In particular, the aim is to estimate the risk of school failure based on the regularity in the course of studies and the scores obtained in the INVALSI (National Institute for the Evaluation of the Education and Training System) standardized tests in Italy.
An integrated dataset of INVALSI and Ministry of Education and Merit (MIM) sources was constructed to obtain information relating to two cohorts of students, one relating to grade 5 students in the 2017-18 school year and the other to grade 5 students in the 2018-19 school year. The target variable aims to identify grade 5 students at risk of school failure. It is a binary variable that takes the value 1 if the student, at grade 8, does not achieve the basic skills in both Italian and mathematics in the INVALSI tests, or if she or he does not regularly reach grade 8 within the three years. Therefore, students for whom it is not possible to obtain information were excluded. Missing values identified in the contextual variables were treated using multiple imputation by chained equations (MICE). Following this, the study proceeded with data transformation and standardization phases, before the training, the hyper-parameter tuning and evaluation stage.
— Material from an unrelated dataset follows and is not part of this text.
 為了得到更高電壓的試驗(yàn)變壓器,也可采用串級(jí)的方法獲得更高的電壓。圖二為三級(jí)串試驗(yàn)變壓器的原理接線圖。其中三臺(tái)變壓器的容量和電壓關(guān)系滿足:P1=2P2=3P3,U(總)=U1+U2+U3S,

Different machine learning models, suitable for classification problems and scaled well to large dataset, were tested on students of the 2017-18 cohort and their performance was measured using the metrics of accuracy, precision, recall, F1 score and ROC-AUC. The cohort of grade 5 students in the 2017-2018 school year was used to train the set of machine learning models selected and, subsequently, the chosen model was applied to the cohort of students grade 5 in the 2018-2019 school year in order to predict the result.
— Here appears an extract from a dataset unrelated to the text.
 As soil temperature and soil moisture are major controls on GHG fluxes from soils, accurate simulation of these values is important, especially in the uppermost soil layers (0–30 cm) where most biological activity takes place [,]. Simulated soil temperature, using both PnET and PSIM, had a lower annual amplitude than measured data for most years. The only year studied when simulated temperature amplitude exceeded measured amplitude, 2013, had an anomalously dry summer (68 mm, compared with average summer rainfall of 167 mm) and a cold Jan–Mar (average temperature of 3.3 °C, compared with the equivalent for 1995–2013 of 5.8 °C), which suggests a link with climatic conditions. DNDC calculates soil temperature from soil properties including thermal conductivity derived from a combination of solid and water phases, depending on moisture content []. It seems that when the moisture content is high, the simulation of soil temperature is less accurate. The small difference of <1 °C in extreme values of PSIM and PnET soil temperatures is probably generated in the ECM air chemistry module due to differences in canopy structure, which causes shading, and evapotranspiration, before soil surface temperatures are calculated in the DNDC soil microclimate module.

This study has highlighted the potential of predictive analytics in identifying students at risk of school failure. From the comparison carried out, the Gradient Boosted Machine models show the best performance, highlighting good accuracy and a fair balance between Precision and Recall. However, some limitations also emerged, this evidence suggests the adoption of further improvement techniques which could be oriented.
The analysis of the most relevant variables showed the significant role of teachers' grades and performance in the INVALSI tests. The possibility of analyzing the decision mechanisms is important because it allows us to better understand the functioning of the model and the contribution of the individual variables within it.
Furthermore, the results on the cohort data showed stability confirming a robustness of the selected model over time. It can be concluded that the use of a machine learning model, suitably trained, can be a powerful prediction tool on large amounts of data for use in educational policy interventions.
Keywords: Machine learning, prediction models, classification, education.